* Work item *
Your answer must consist solely of the lines from the one containing "Продаётся студия номер" through the last line of the records below, reproduced exactly, with all pictures omitted.

Items listed in a dataset
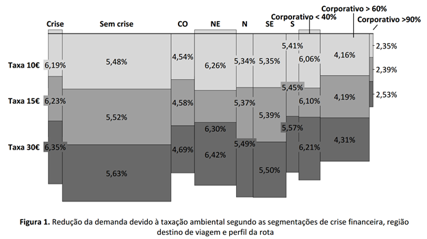 Os autores estimaram taxas diferentes, em diferentes setores e regiões. Todas as taxas aplicadas, nos valores de 10, 15 e de 30 euros obtiveram impactos negativos na demanda. A principal região afetada é a Nordeste, em função de seu setor aéreo ser fortemente influenciado pelo turismo, cuja demanda sofre mais com o aumento nos preços. Em outras palavras, o custo econômico e social foi maior para essa região.
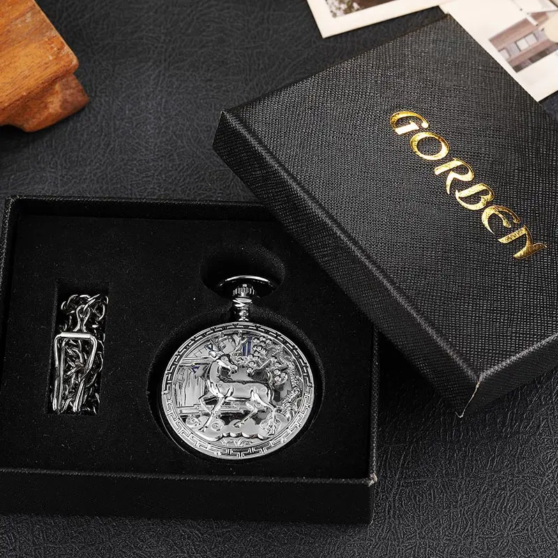 Montre de Poche Mécanique à Motif de Cerf Creux localité pour Homme et Femme, Double Face, Steampunk, Vintage
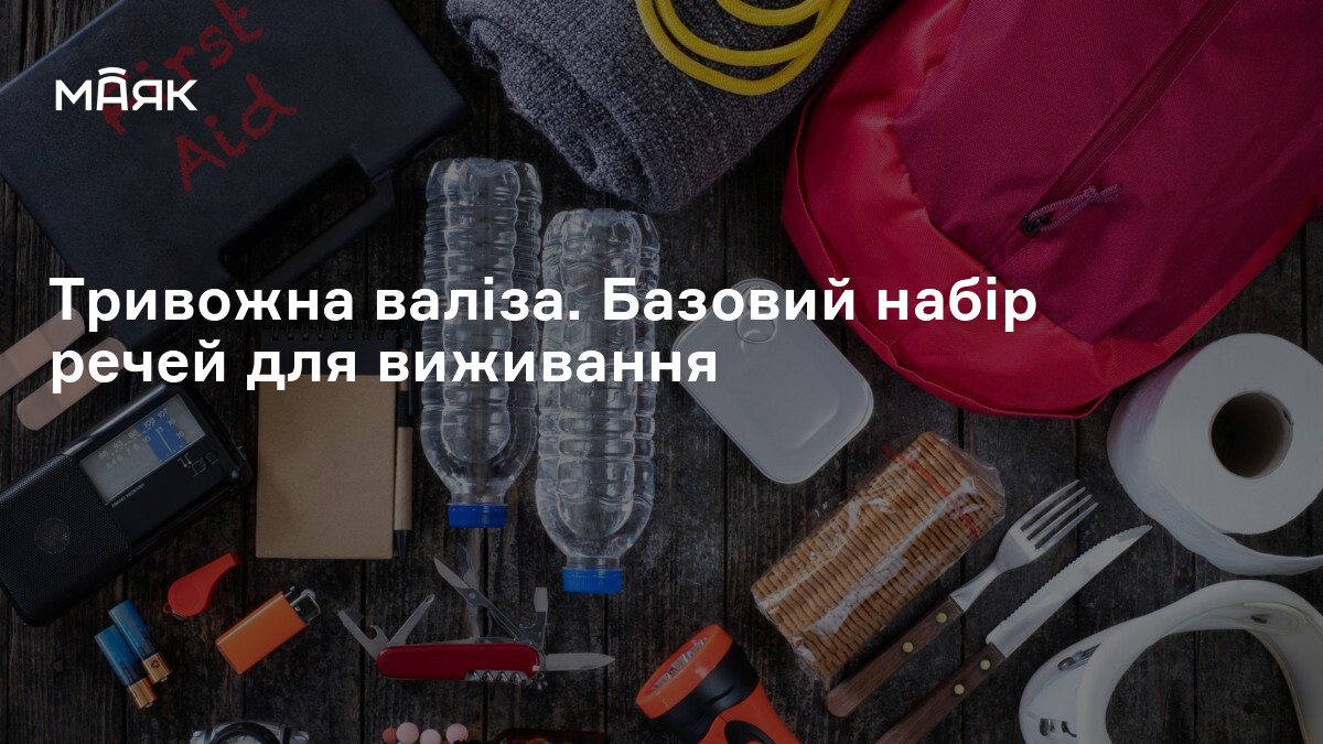 2 пляшки води по 1,5 л на людину, фільтр для очищення води, пальник газовий, балон газовий 230 г (бажано без бутану), казанок алюмінієвий, термокружка, ложка металева, запальничка газова;
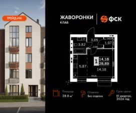 Продаётся студия номер 122 общей площадью 28.89 кв.м на 3-м этаже 4 этажного дома. Без отделки.
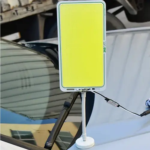 پنل لامپ ,ریموت کنترل از راه دور ,کیف مخصوص حمل ,گیره باتری ,استند آهنربایی ,کابل 5 متری ,میله منعطف متصل به استند ,شارژر فندکی ماشین |

* Result *
 Продаётся студия номер 122 общей площадью 28.89 кв.м на 3-м этаже 4 этажного дома. Без отделки.
 پنل لامپ ,ریموت کنترل از راه دور ,کیف مخصوص حمل ,گیره باتری ,استند آهنربایی ,کابل 5 متری ,میله منعطف متصل به استند ,شارژر فندکی ماشین |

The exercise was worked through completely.